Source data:
++++++++

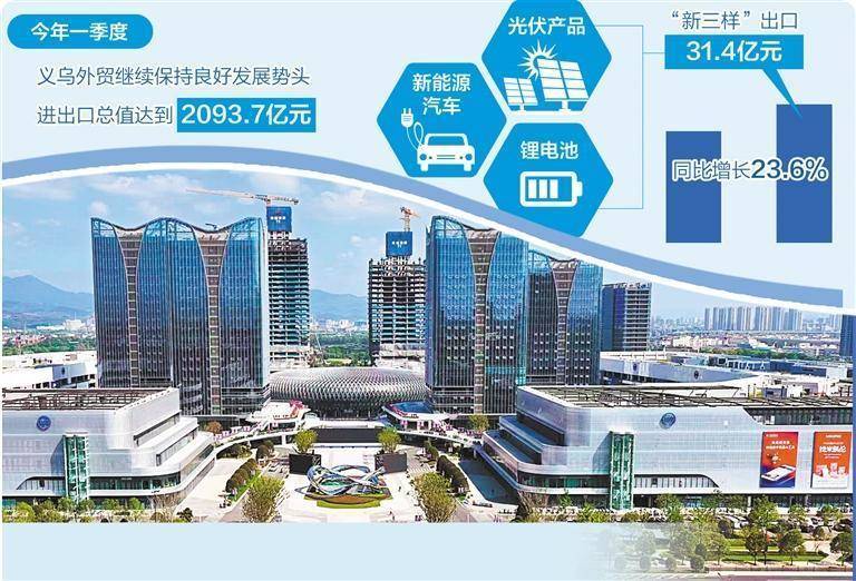 据义乌海关统计,今年一季度,义乌外贸继续保持良好发展势头,进出口总值突破2000亿元,达到2093.7亿元,创历史同期新高。其中,以光伏产品、锂电池、新能源汽车为代表的“新三样”出口达31.4亿元,同比增长23.6%。
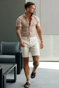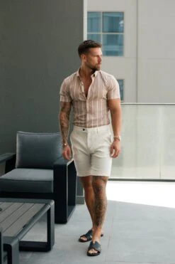 Father Sons Super Slim Stretch Taupe Printed Wide Stripe Short Sleeve with Button Down Collar – FS1066
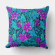 Bonito padrão elegante de flores roxas, azuis, lacustres, turquesas e verdes e travesseiro decorativo foliar.
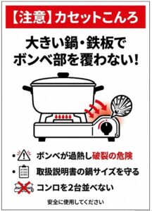 カセットコンロを並べて使用したり、本体より大きい鍋やフライパンを使用したりすると、鍋底や隣のコンロの熱がカセットボンベに伝わり、ボンベが異常加熱して破裂や火災につながるおそれがあります。
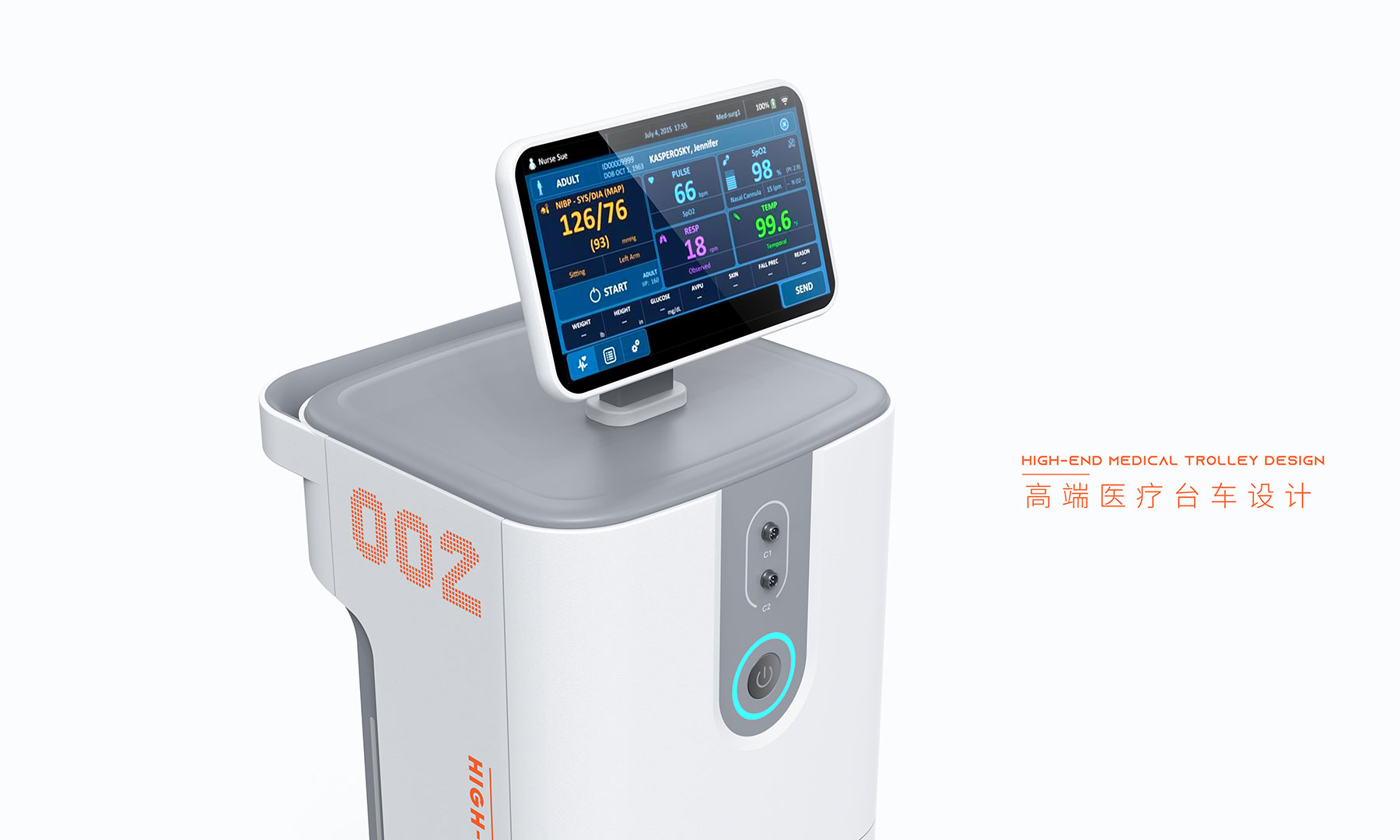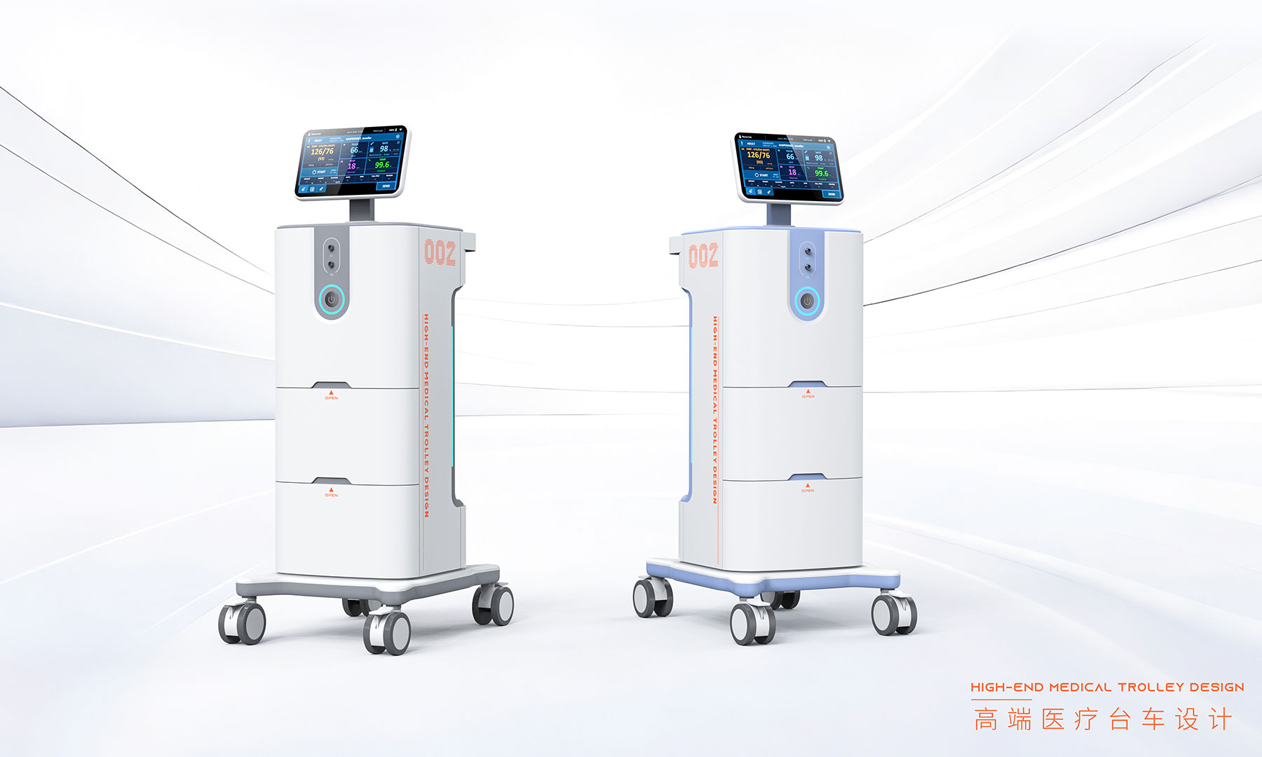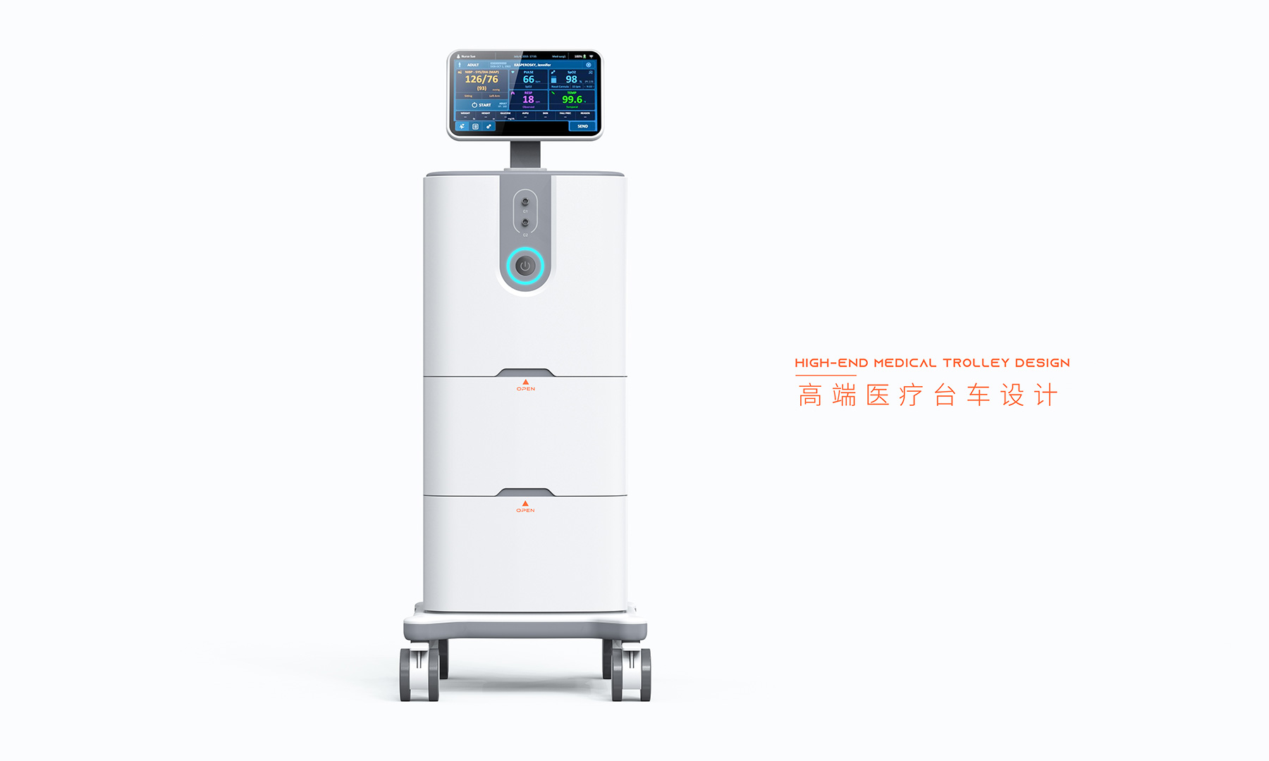 功能结构上,推车巧妙地分为三层,每层都有其独特的功能。上层是一个治疗控制区,在前面设计有跑道圆设计元素,增强产品视觉看点,治疗接口朝前,便于医疗设备插拔使用,正面呼吸灯与侧面呼吸灯元素相呼应,增强产品的科技属性,为用户在治疗时可实时检测治疗状态。中间层是两个矩形的存储区域,可以分类存放各种医疗用品,方便医护人员快速取用。下层则是一个开放式的平台,提供了更大的储物空间,适合存放大型或不规则的物品。
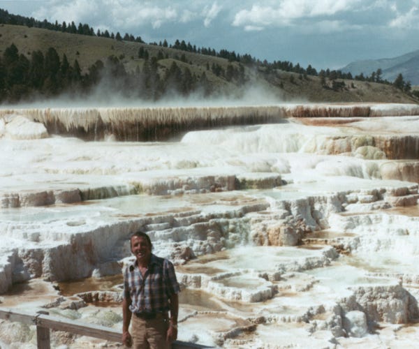 Bill is standing on a walkway with Mammoth Hot Springs in the background. With more, than 700,000 gallons of water and two tons of limestone pouring out each day as the tiers steadily grow.
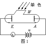 在图1所示的装置中,K为一金属板,A为金属电极,都密封在真空的玻璃管中,W为由石英片封盖的窗口,单色光可通过石英片射到金属板K上,E为输出电压可调的直流电流,其负极与电极A相连,A是电流表,实验发现,当用某种频率的单色光照射K时,K会发出电子(光电效应),这时,即使A、K之间的电压等于零,回路中也有电流。当A的电势低于K时,当
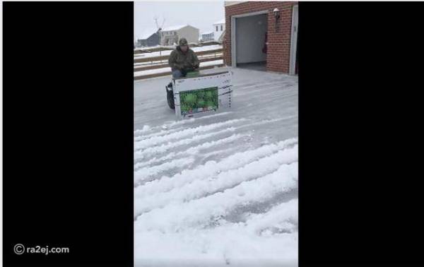 أمريكي يزيل الثلج من أمام منزله بطريقة غريبة جداً
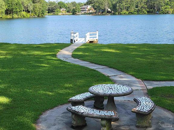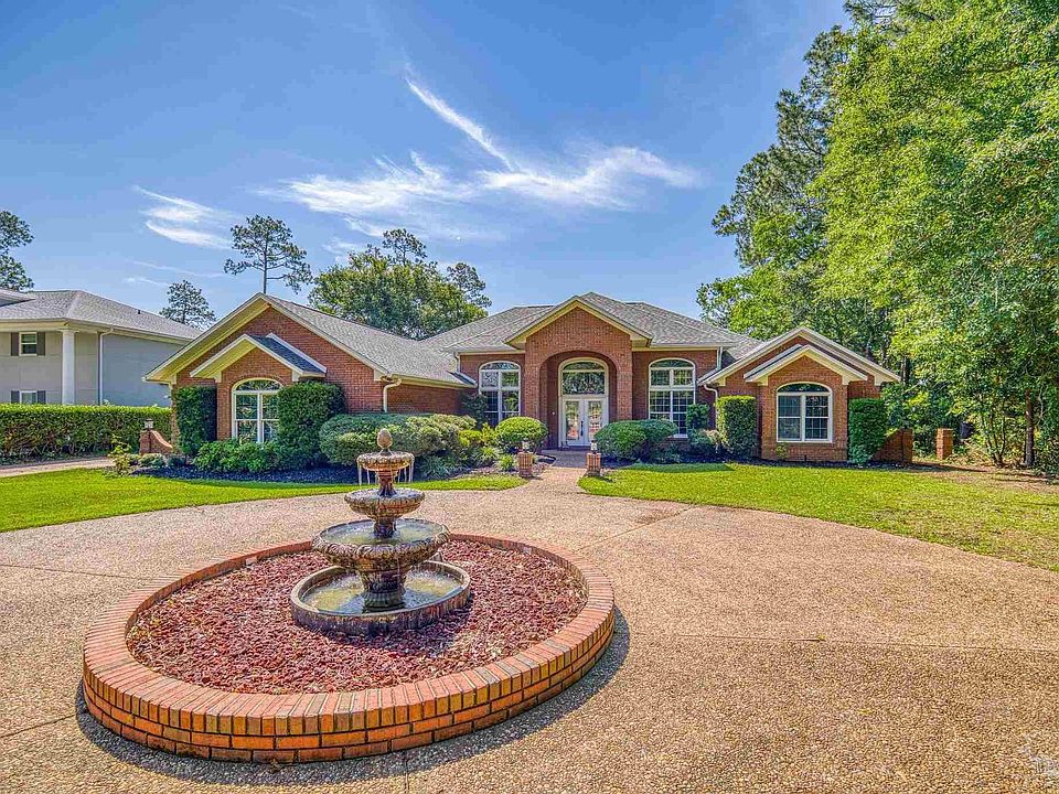 **WATERFRONT PARADISE** This completely custom and newly remodeled lakeside estate in Woodbine Springs Plantation is a must see! Upon entering the home, you cannot help but admire the soaring 14' ceilings trimmed in exquisite dentil crown molding while also noting the expansive views from the lake from the wall of new safety minded glass doors (doors all feature special locking mechanism to help protect against children or pets from exiting to the lake unexpectedly.) The flooring in the main areas is custom inlaid stone, stunning real black walnut wood flooring in kitchen, owners suite (overlooking the lake), and inlaid as a feature with the stone in the other lakeside bedroom which features its own glass doors to take in the views. Brand new carpet in the 2 other bedrooms-one of which features a private full bathroom for a perfect guest suite. The two bedrooms on the right side of the home share a jack and jill bathroom with private vanities. The kitchen also features an amazing brick archway which leads to a butler's pantry/wine and coffee bar area (you decide!). Boasting 4 spacious bedrooms, and 3 1/2 baths, large open kitchen overlooking the large vaulted ceiling family room, and luxurious spa baths, this home is loaded with gorgeous details. The entire home was remodeled-top to bottom in 2022! New roof, new electrical, new HVAC, new water heater, new appliances, new cabinetry, new fixtures, new dock over the lake, new deck off the huge back porch. Additionally in 2023 garage was remodeled and painted, new portable storage building, New hand rails installed and painted as well as the Dock. Sprinkler System and Fountain updated in 2024. 16k for new gutters and leaf filter system 2023. This is a palace fit for Royalty. Make it yours TODAY!
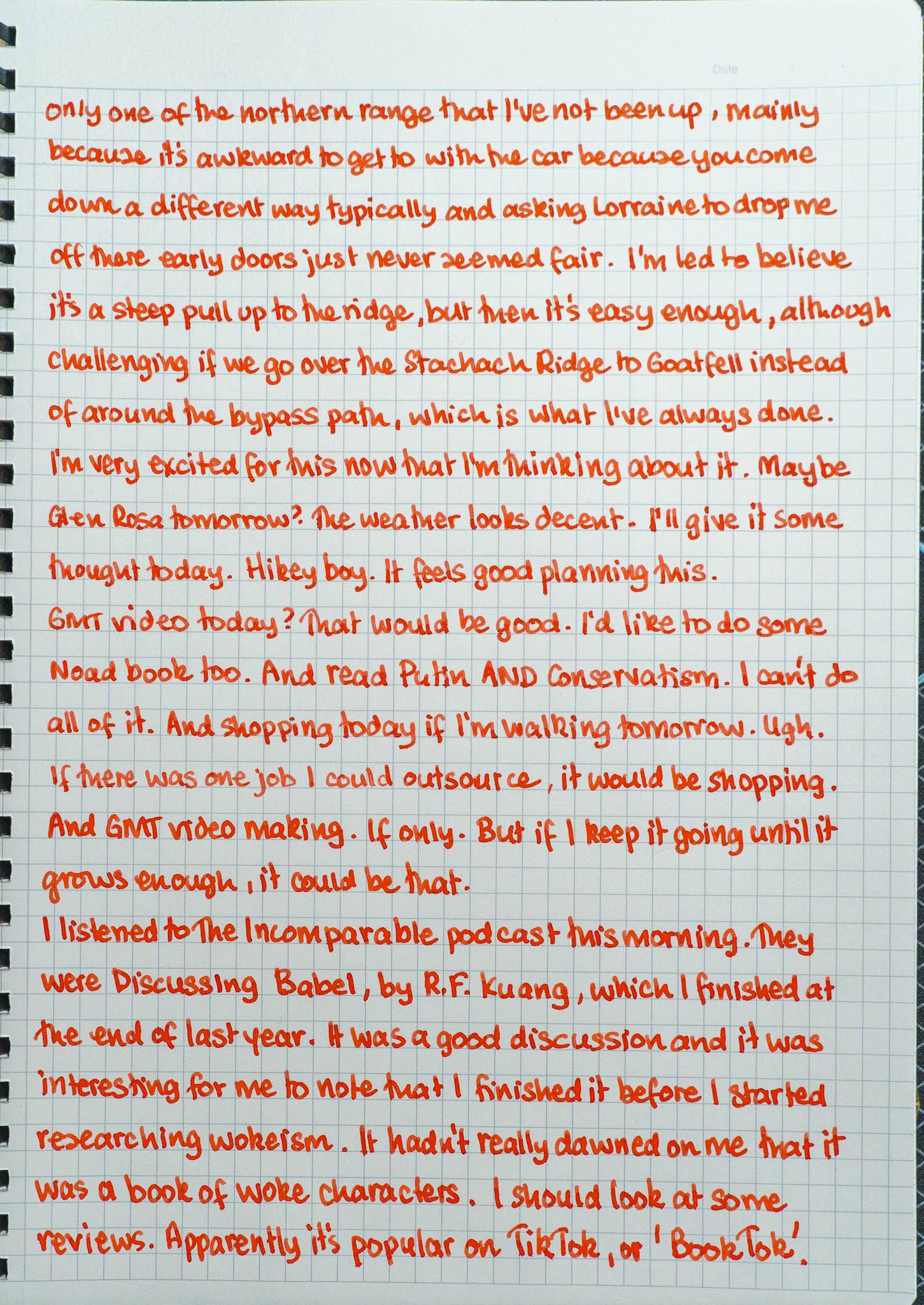 Feb 11, 2023 1 min read morning pages Morning Pages | 11 February 2023 I'm looking forward to hiking again. Cams Campbell LinksCioch na h-Oighe, Mullach Buidhe and Goatfell.Babel, or the Necessity of Violence: An Arcane History of the Oxford Tranlators' RevolutionThe Incomparable Book Club Episode

++++++++

■ Exercise directions ■
Output only the stretch above from the line with "在图1所示的装置中,K为一金" through the line with "أمريكي يزيل الثلج", reproduced exactly. Exclude pictures.

■ Answer to this exercise ■
 在图1所示的装置中,K为一金属板,A为金属电极,都密封在真空的玻璃管中,W为由石英片封盖的窗口,单色光可通过石英片射到金属板K上,E为输出电压可调的直流电流,其负极与电极A相连,A是电流表,实验发现,当用某种频率的单色光照射K时,K会发出电子(光电效应),这时,即使A、K之间的电压等于零,回路中也有电流。当A的电势低于K时,当
 أمريكي يزيل الثلج من أمام منزله بطريقة غريبة جداً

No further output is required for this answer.